Hi,
I completed this exercise with the following command :
curl -s https://www.inlanefreight.com | tr -d \'\" | grep -o -E "(href|url|src)=[^ >]+" | cut -d '=' -f 2 | grep -vE ".*(defer|\.org|google|themeansar).*" | cut -d "?" -f 1 | sort | uniq | tee /dev/stderr | wc -l
Let me explain each step :
curl -s https://www.inlanefreight.com
This get the URL content but without metrics output automatically added by curl when it outputs the result. These metrics will get insert before and in the middle of fetched data if not ignored.
tr -d \'\"
URL and other HTML elements parameter’s values can be encapsulated between either quote or double quotes or not encapsultated at all. So, to making parsing easier, I prefer removing them.

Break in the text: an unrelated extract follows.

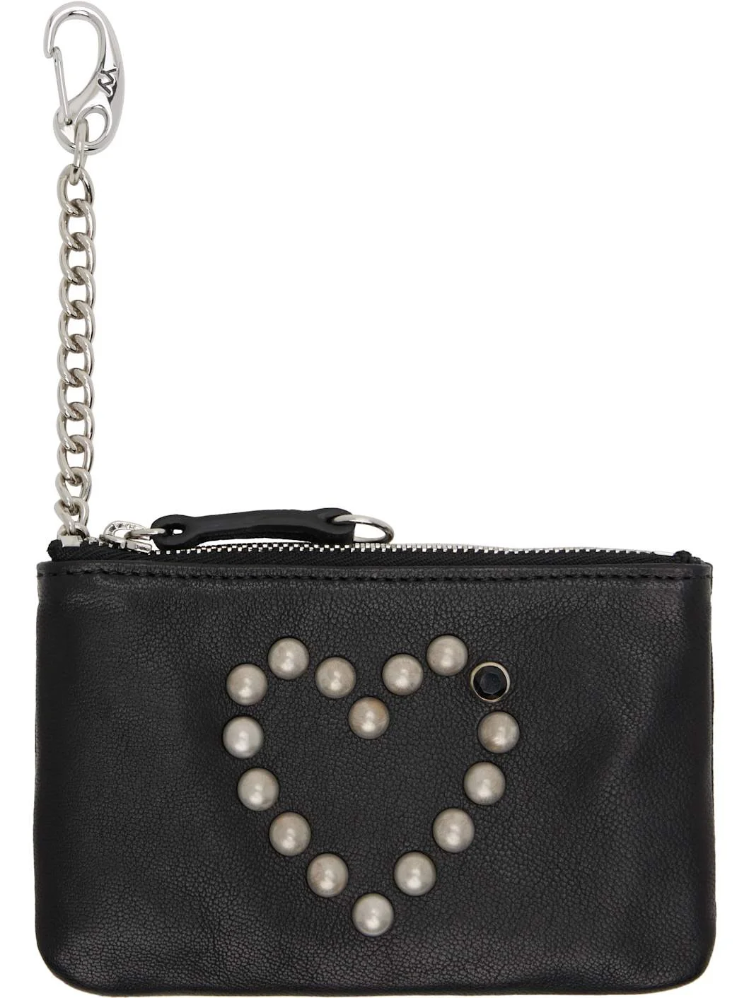 Grained sheepskin wallet. · Studded graphic at face · Logo-embossed loop at back face · Zip closure · Integrated curb chain lanyard clasp · Twill lining · H3.5" x W5" x D0.5" Supplier color: Black Sheepskin. Made in South Korea 252731F040000

grep -o -E "(href|url|src)=[^ >]+"
In HTML, URL are given in href, url or src elements. So I use a grep to retrieve the attribute and its URL value ONLY thanks the regex stopping at first space or > met.
cut -d '=' -f 2
Now, I am left with attributes having the following structure : (href|url|src)=url
So, I split each entry using the = delimiter and keeping only the url.
grep -vE ".*(defer|\.org|google|themeansar).*"
Now, I have all available URLs but not all are part of the target domain. So I use the -v grep option to keep only strings not matching the given regex where I specified specific words found in url I wanted to ignore.
cut -d "?" -f 1
URL may have query strings. A url points to a resource but this resource may be a script taking parameters to give us the right result. As the exercise asks us to count unique url in the domain, we have to ignore query strings / parameters. So I split urls using the ? delimiter as this is the character used to indicate start of the query string and I keep only the first part.
sort | uniq | tee /dev/stderr | wc -l
Finally, I just need to sort found urls with the sort command, remove duplicates with the uniq command and count lines with wc command to get the result.
You can imagine that I didn’t find the result in one shot. I found it step by step and to be able to see detailed results and number of found urls at each steps, I used a very useful command : tee.
This command lets you redirecting a result to a file and, at the same time, to the standard output so you can continue using pipes. So, before counting lines, I used tee command to redirect standard output to the unix file for the error ouput to see them on screen and, as it was also sent to the standard output, counting them using pipe.
I decided to explain the command to illustrate the thinking process and the benefit of the tee command but also to remind something important about URLs for beginners. URLs may be absolutes or relatives. And when URLs are relatives, they are part of the website domain. So, when looking for URLs, it is important not looking for schemes like ‘http’ but for attributes which may contain URLs first then parsing value keeping this detail in mind as you may or not find a scheme or a domain in URL value and also that there are many existing schemes (ex: mailto, ftp, …)